** Opening EXTRACTED ENTRIES block **

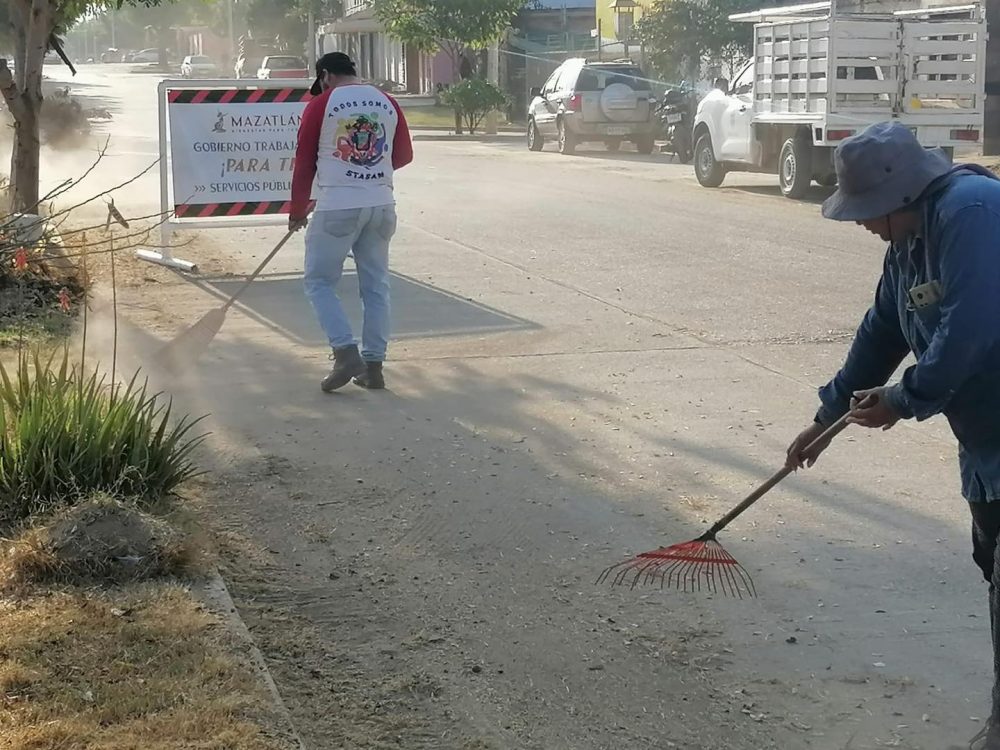 En Av. de las Torres, en Real Pacífico, y en la calle Framboyanes, se llevó a cabo la poda de maleza en camellones para mejorar la imagen y el orden urbano de la zona
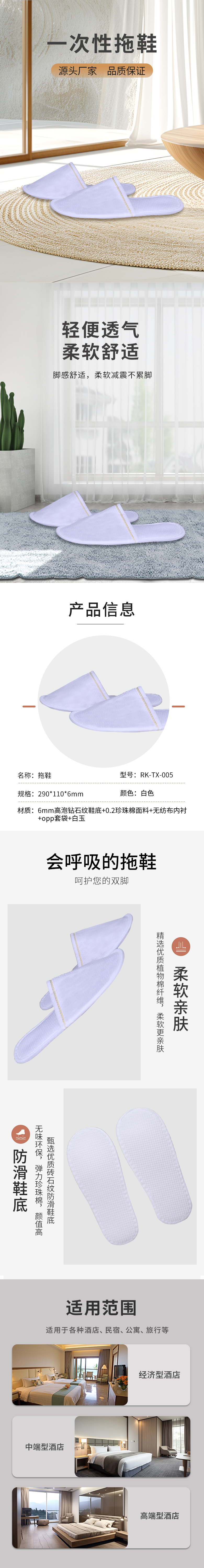 拖鞋 290*110MM 6mm高泡钻石纹鞋底+0.2珍珠棉面料+无纺布内衬+opp套袋+白玉 白色 RK-TX-005
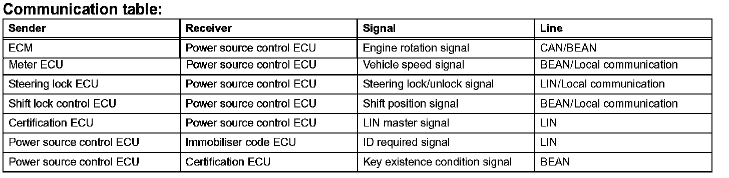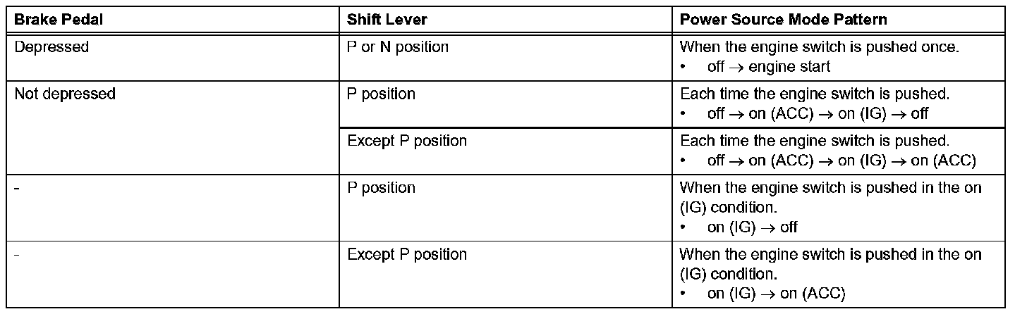 a. The push-button start uses a push-type engine switch, which the driver can operate by merely carrying the key. This system consists primarily of the power source control ECU, engine switch, ID code box, steering lock ECU, key, ACC relay, IG1 relay, IG2 relay and certification ECU. The power source control ECU controls the system. This function operates in cooperation with the smart access system. The table given shows the transition of the engine switch, which depends on whether the brake pedal is depressed or released.
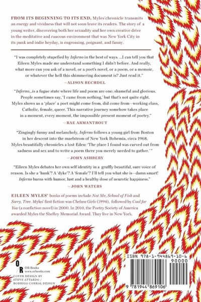 Poet, essayist and performer Eileen Myles' chronicle transmits an energy and vividness that will not soon leave its readers. Her story of a young female writer, discovering both her sexuality and her own creative drive in the meditative and raucous environment that was New York City in its punk and indie heyday, is engrossing, poignant, and funny.
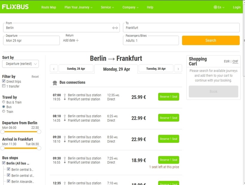 Автобусы немецкого перевозчика Flixbus совершают в день 8 рейсов из Берлина во Франкфурт-на-Майне.

** Closing EXTRACTED ENTRIES block **

WORK ORDER
Your copy should hold exactly the lines from the one with "Poet, essayist and" through the end of the records, both included, and no pictures.

SOLUTION FOR THIS PROBLEM
 Poet, essayist and performer Eileen Myles' chronicle transmits an energy and vividness that will not soon leave its readers. Her story of a young female writer, discovering both her sexuality and her own creative drive in the meditative and raucous environment that was New York City in its punk and indie heyday, is engrossing, poignant, and funny.
 Автобусы немецкого перевозчика Flixbus совершают в день 8 рейсов из Берлина во Франкфурт-на-Майне.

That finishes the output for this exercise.